There exists a set $A$ on $\{1,...,N\}$ where $ |A|\geq\frac{2}{\sqrt{3}}\sqrt{N}$ and $E(A)=o(N)$.

Let $B$ be a Sidon set on $\{1,...,n\}$. Let $C = \{3n+1-b | b\in B\}$. Let $A=B\cup C$.

Suppose $a<b\leq c<d$ and $a+d=c+b$, where $a,b,c,d$ are elements of $A$. Now I will analyze the possibilities of $a,b,c,d$.

• They can't be all in $B$ or all in $C$, as $B$ and $C$ are Sidon sets.
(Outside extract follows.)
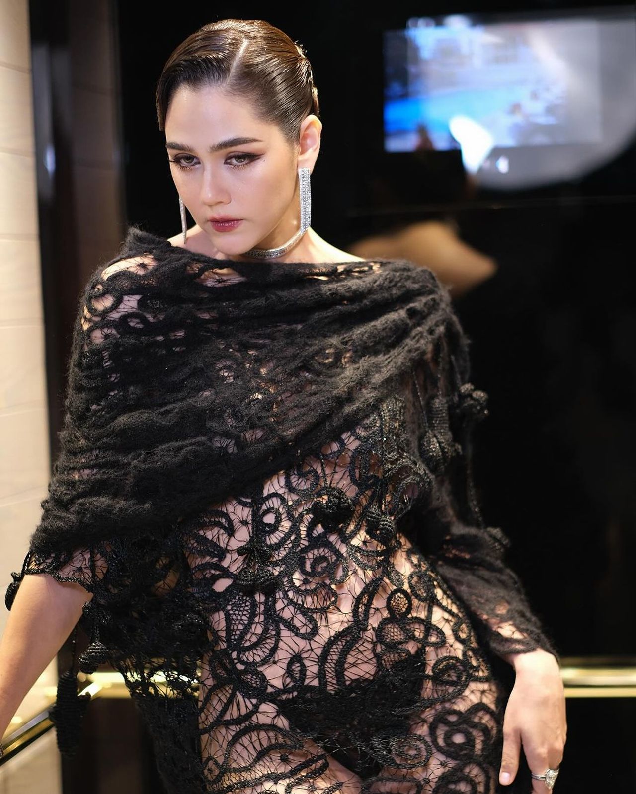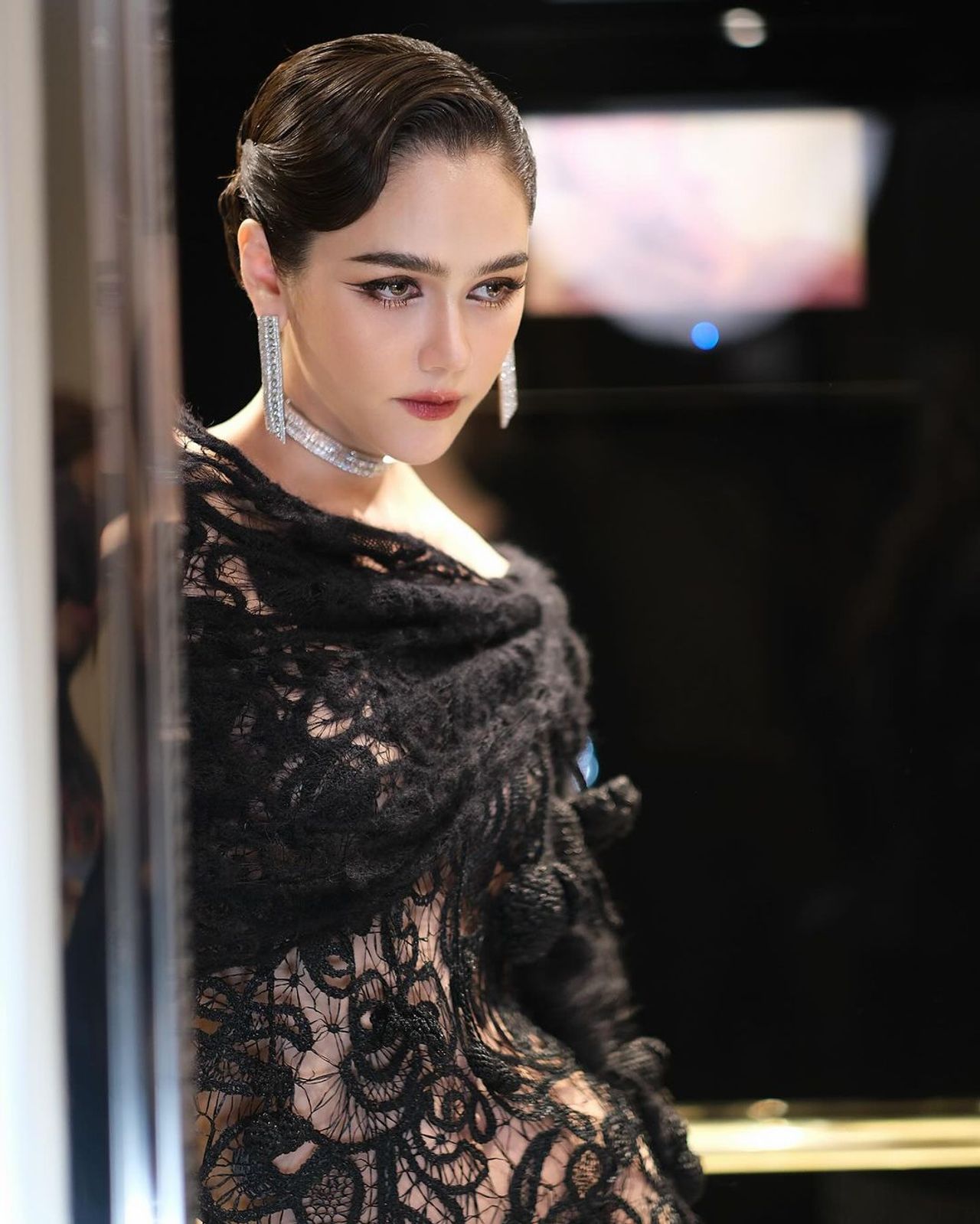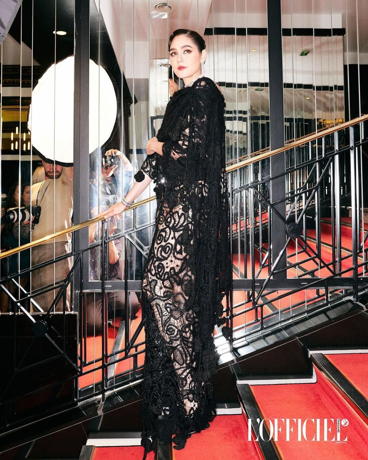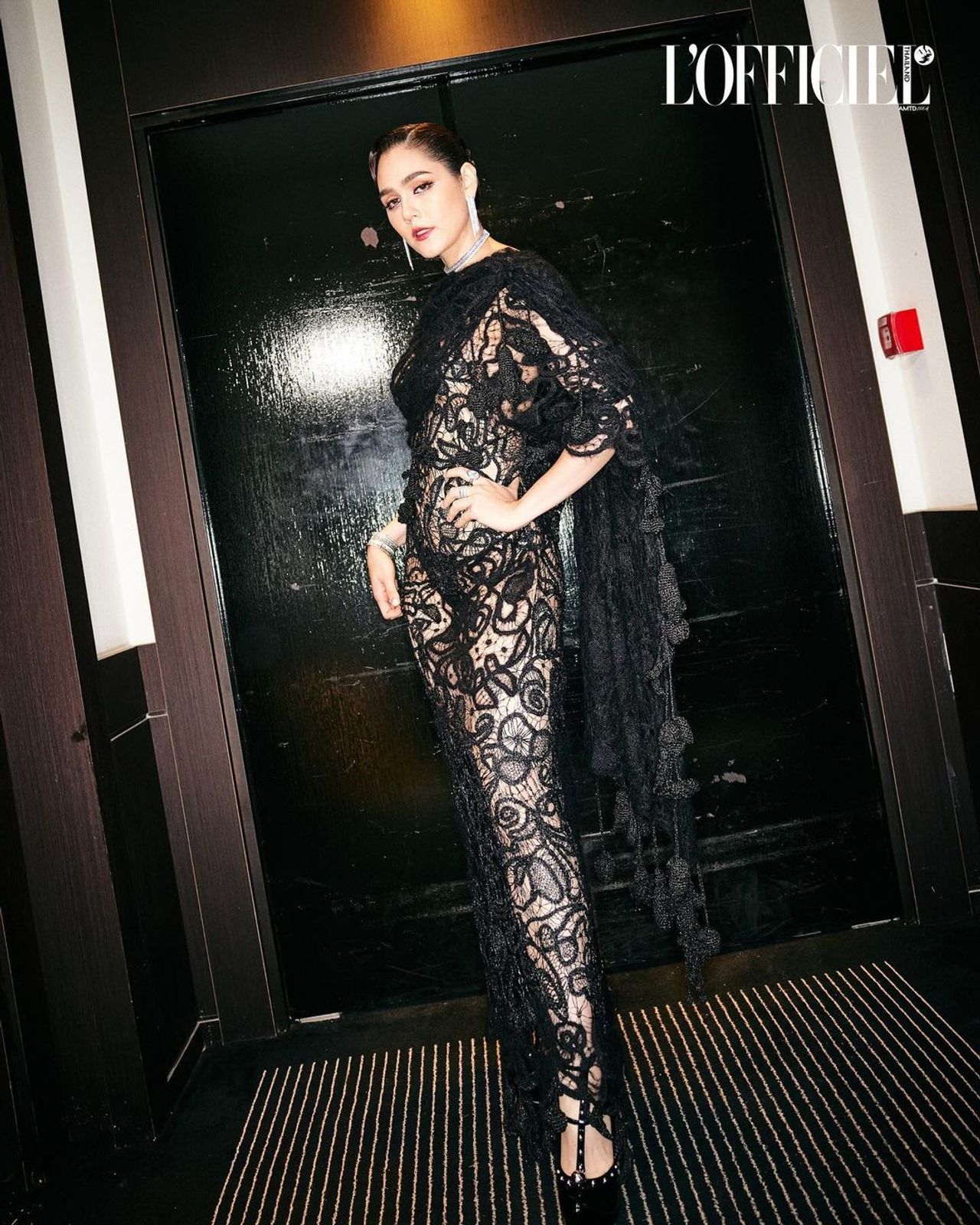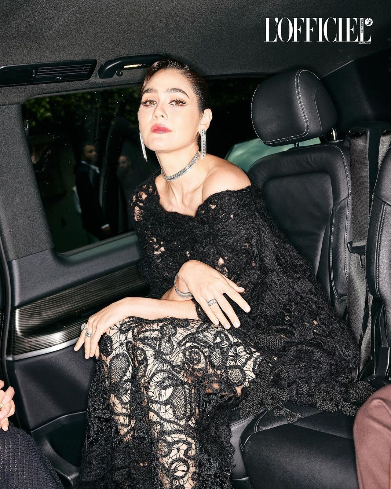 และลุควันที่ 3 ของชมพู่นั้น บอกเลยว่าปังสุดๆ ด้วยชุดลูกไม้โปร่งสีดำสุดเซ็กซี่จากแบรนด์ Maison Margiela มาสวมใส่ ซึ่งนี่คือผลงานของ จอห์น แกลลิอาโน (John Galliano) เสริมลุคให้สวยโดดเด่นด้วยเครื่องประดับคอลเลกชัน Quatre Radiant Edition จากแบรนด์ Boucheron

• They can't be 3 in $B$ and 1 in $C$, or vice versa. To see this, note that the sum of any two elements in $B$ is smaller than any element in $C$.

• So $a,b\in B$ and $c,d \in C$. Since $b-a=d-c$, it follows that $(3n+1-c)-(3n+1-d)=b-a$. Observe that $(3n+1-c)$, $(3n+1-d)$, $b$ and $a$ are all elements of the Sidon set $B$, so we have $(3n+1-c)=b$ and $(3n+1-d)=a$, i.e. $a+d=c+b=3n+1$.

So it's clear that $r_A(k)$ is larger than $2$ only if $k=3n+1$, where it's $O(\sqrt{n})$, which implies $E(A)=o(n)$.

Let $N$ be the largest element of $A$. $ |A|\geq\frac{2}{\sqrt{3}}\sqrt{N}$ and $E(A)=o(N)$, as required.